The liquid remains of milk after the milk is rained and curdled is termed as whey. It is a product that is similar to cheese and casein and is used for a vast number of commercial purposes. Whey protein is made up of a number of mixtures of milk and casein. In milk of cow, there is 80% casein protein and 20% whey protein and similarly, in human milk, there is a mixture of 30% casein protein and 70% whey protein. Whey proteinconsists of several different proteins, such as Alpha-lactalbumin, beta lactoglobulin, serum albumin, and immunoglobulins. Lactalbuminis also known as whey protein.
Function of beta-lactoglobulin
The main objective of beta-lactoglobulin powder is to improve the immune system of infants.It is the second most important protein that is found in milk. The function of beta-lactoglobulin is different from that of Alpha-lactalbumin. Beta-lactoglobulin, despite its most prominent compositions from the distribution of globular proteins, beta-lactoglobulin can bind a number of hydrophobic molecules. The function of beta-lactoglobulin is similar to that of lipocalin i.e. it has the ability to transport hydrophobic molecules that are small in size. Beta-lactoglobulin is beneficial in many of the biological processes like improving the immune system, transport of pheromone, retinoid-binding,and interactions of Cancer cells.
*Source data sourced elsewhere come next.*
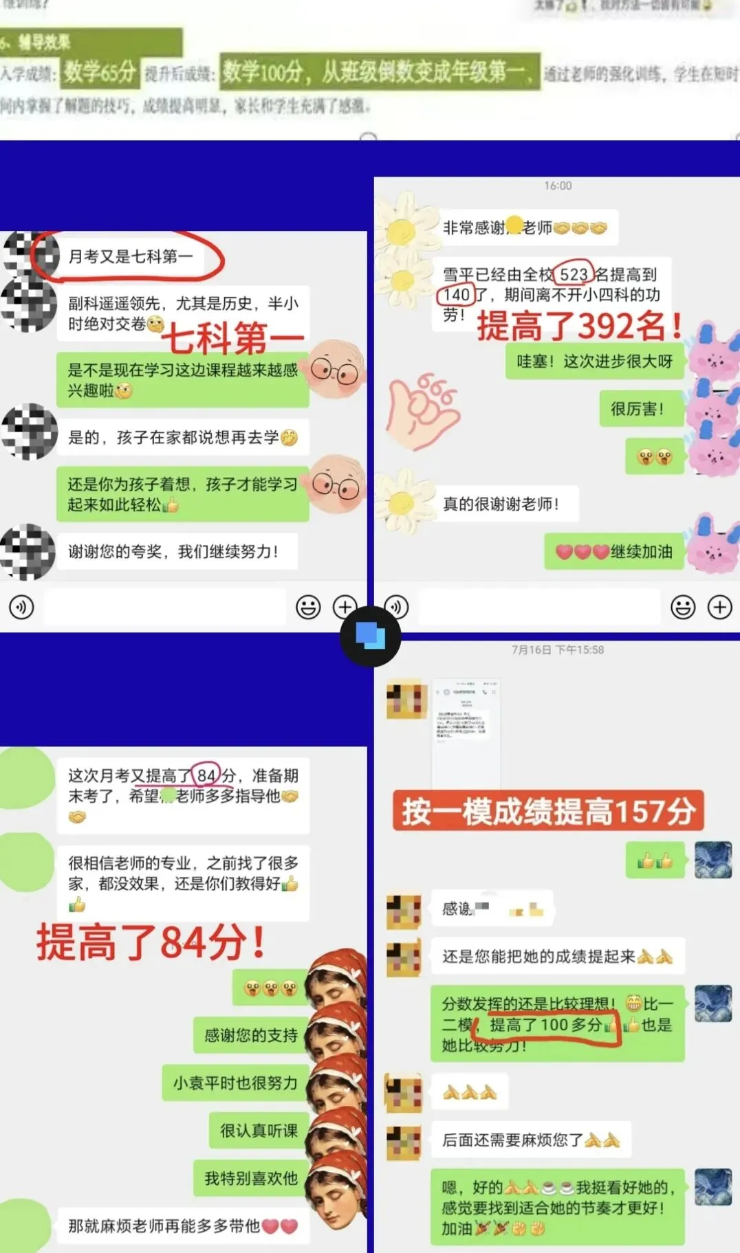 最终成果:中考较一模提分157分,单次月考提分84分,成功上岸目标高中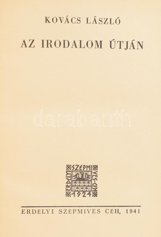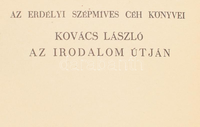 Kolozsvár, 1941. Erdélyi Szépmíves ... https://www.darabanth.com/en/469-Online-auction/469.0/Books/Books-Other-rarities~2000025/Kovacs-Laszlo-Az-irodalom-utjan-Kolozsvar-1941-Erdelyi-Szepmives-Ceh-265-l-3-sztl-~II3174445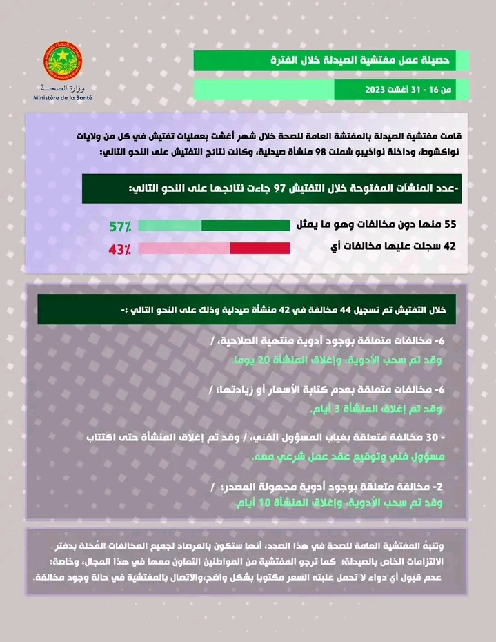 أعلنت وزارة الصحة أن مفتشية الصيدلة بالمفتشية العامة للصحة قامت بعمليات تفتيش خلال شهر أغسطس شملت 98 منشأة صيدلية، في كل من ولايات نواكشوط، وداخلت انواذيبو.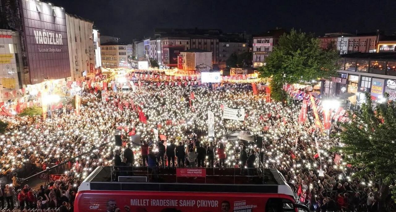 Bugün Ekrem Başkan’la Silivri’de sohbet ettik. Sarıldık, ayrılırken ‘Bir diyeceğin var mı Başkan?’ dedim. Dedi ki, ‘Hiç merak etmeyin. Esenler bu akşam bütün ezberleri bozacak. Ben oradaymışım gibi ekran başından sarılıyorum Esenler’e.’ Ekrem Başkan’ı seviyor muyuz? Onu özledik mi? Ona buradan bir büyük selamı yollamaya hazır mıyız? ‘Yiğidim Aslanım’ gelsin mi? Haydi bakalım. Buradan Silivri’ye telefonların ışıklarıyla, drone tepede. Ekrem Başkan’ın selamını aldı Esenler, başı gözü üstüne. Buradan Ekrem Başkan’a selam olsun.”

Features of beta-lactoglobulin as a whey protein
Beta lactoglobulin is a globular protein of the lipocalin family. The cavity formed in the protein can be the binding site for a range of low molecular weight compounds, including fatty acids and retinal. A significant feature of beta-lactoglobulin is thesulfur chemistry of this protein.
It is the major whey protein of bovine milk and is a natural molecular Nanocarrier for hydrophobic molecules, retinoic acid, cholesterol, vitamin D, various Aroma compounds and fatty acids, for example, bind with its hydrophobic calyx. This provides a means of enhancing the stability of beta-lactoglobulin during food manufacturing processes and offer greater control over its ability to deliver specific bioactivities in food.
System- the changes observed on the beta-lactoglobulin irradiated in solution, related to secondary and mainly to tertiary structure, explain, at least partially, the protein aggregation. The major bands remained intact as the sub-unit molecular weight of a native beta-lactoglobulin. An increase in protein concentration of beta-lactoglobulin revealed that the gel permission chromatogram profile was similar to that of the control, which was not irradiated.
It is generally thought that disulfide cross-linking is the main basis of gel formation, an investigation where disulfide formation was prevented gel fracture proteins were greatly altered. When gels are formed in the presence of disulfide, there were minor effects on the properties of the gel.
A significant feature of beta-lactoglobulin is the sulfur chemistry of this protein. The reasons for the apparent discrepancy between these sets of results are unclear. However, there are few major important differences between α-lactalbumin and Alpha-lactalbumin.